PROVIDED INFORMATION |
BEGIN

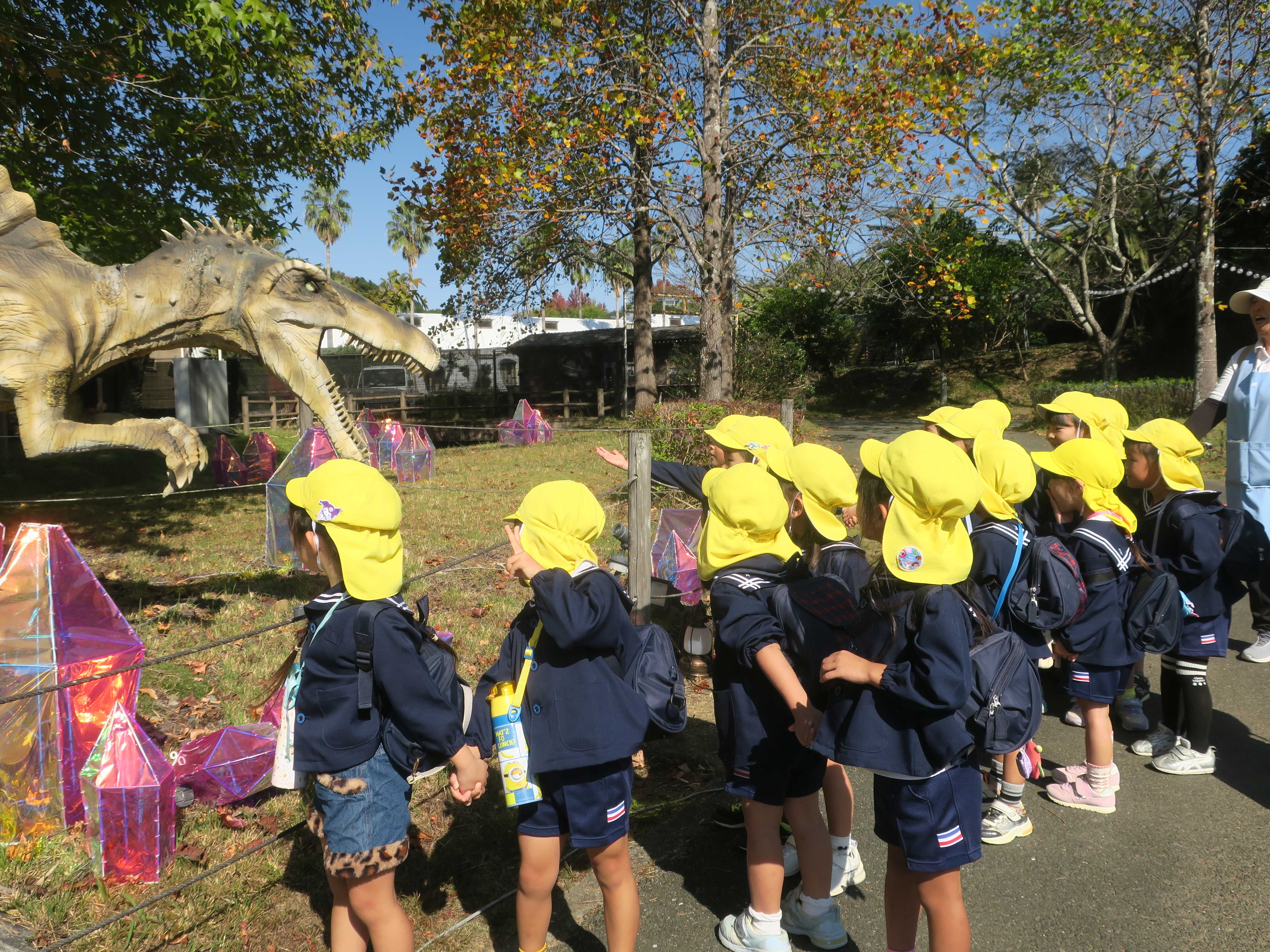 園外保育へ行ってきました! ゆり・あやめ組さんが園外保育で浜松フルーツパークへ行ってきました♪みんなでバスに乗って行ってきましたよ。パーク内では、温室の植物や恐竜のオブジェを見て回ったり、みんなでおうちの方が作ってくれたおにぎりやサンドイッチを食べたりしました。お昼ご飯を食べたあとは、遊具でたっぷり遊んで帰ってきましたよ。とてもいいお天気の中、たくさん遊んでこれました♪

END
BEGIN

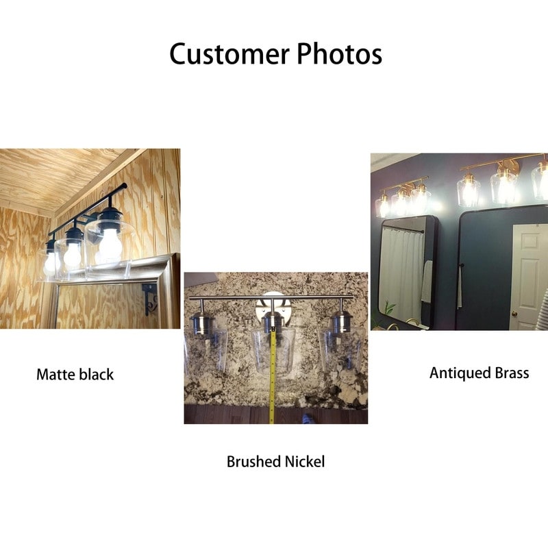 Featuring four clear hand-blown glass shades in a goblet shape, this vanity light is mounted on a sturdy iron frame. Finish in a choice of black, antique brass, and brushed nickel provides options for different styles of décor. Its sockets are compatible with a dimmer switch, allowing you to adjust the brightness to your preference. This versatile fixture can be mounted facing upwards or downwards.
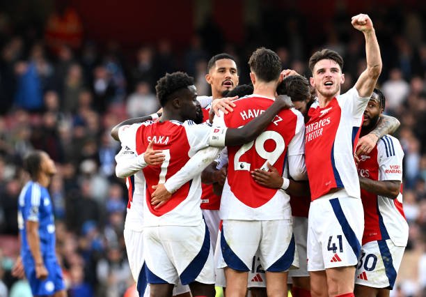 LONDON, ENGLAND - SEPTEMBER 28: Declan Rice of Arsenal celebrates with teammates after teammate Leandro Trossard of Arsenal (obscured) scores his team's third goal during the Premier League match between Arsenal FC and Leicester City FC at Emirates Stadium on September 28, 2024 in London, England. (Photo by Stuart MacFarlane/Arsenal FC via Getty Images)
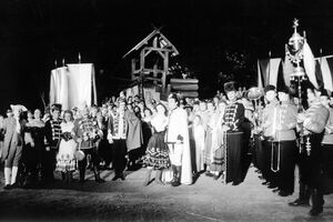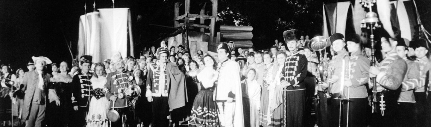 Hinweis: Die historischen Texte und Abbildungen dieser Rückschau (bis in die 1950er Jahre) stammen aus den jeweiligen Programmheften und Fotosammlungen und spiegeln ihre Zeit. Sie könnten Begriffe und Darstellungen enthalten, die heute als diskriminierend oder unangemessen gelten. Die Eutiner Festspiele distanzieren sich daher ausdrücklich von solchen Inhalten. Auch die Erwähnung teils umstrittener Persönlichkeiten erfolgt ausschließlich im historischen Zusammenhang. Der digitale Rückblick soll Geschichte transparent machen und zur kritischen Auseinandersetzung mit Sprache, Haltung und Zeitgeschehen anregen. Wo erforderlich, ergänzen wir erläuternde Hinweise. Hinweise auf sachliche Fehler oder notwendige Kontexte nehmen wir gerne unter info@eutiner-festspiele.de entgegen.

END

ACTIVITY | Within the listing above, the lines starting at the one containing "LONDON, ENGLAND - SEPTEMBER" and ending at the one containing "Hinweis: Die historischen" are to be returned exactly. Omit the pictures.

ANSWER TO THIS EXERCISE |
 LONDON, ENGLAND - SEPTEMBER 28: Declan Rice of Arsenal celebrates with teammates after teammate Leandro Trossard of Arsenal (obscured) scores his team's third goal during the Premier League match between Arsenal FC and Leicester City FC at Emirates Stadium on September 28, 2024 in London, England. (Photo by Stuart MacFarlane/Arsenal FC via Getty Images)
 Hinweis: Die historischen Texte und Abbildungen dieser Rückschau (bis in die 1950er Jahre) stammen aus den jeweiligen Programmheften und Fotosammlungen und spiegeln ihre Zeit. Sie könnten Begriffe und Darstellungen enthalten, die heute als diskriminierend oder unangemessen gelten. Die Eutiner Festspiele distanzieren sich daher ausdrücklich von solchen Inhalten. Auch die Erwähnung teils umstrittener Persönlichkeiten erfolgt ausschließlich im historischen Zusammenhang. Der digitale Rückblick soll Geschichte transparent machen und zur kritischen Auseinandersetzung mit Sprache, Haltung und Zeitgeschehen anregen. Wo erforderlich, ergänzen wir erläuternde Hinweise. Hinweise auf sachliche Fehler oder notwendige Kontexte nehmen wir gerne unter info@eutiner-festspiele.de entgegen.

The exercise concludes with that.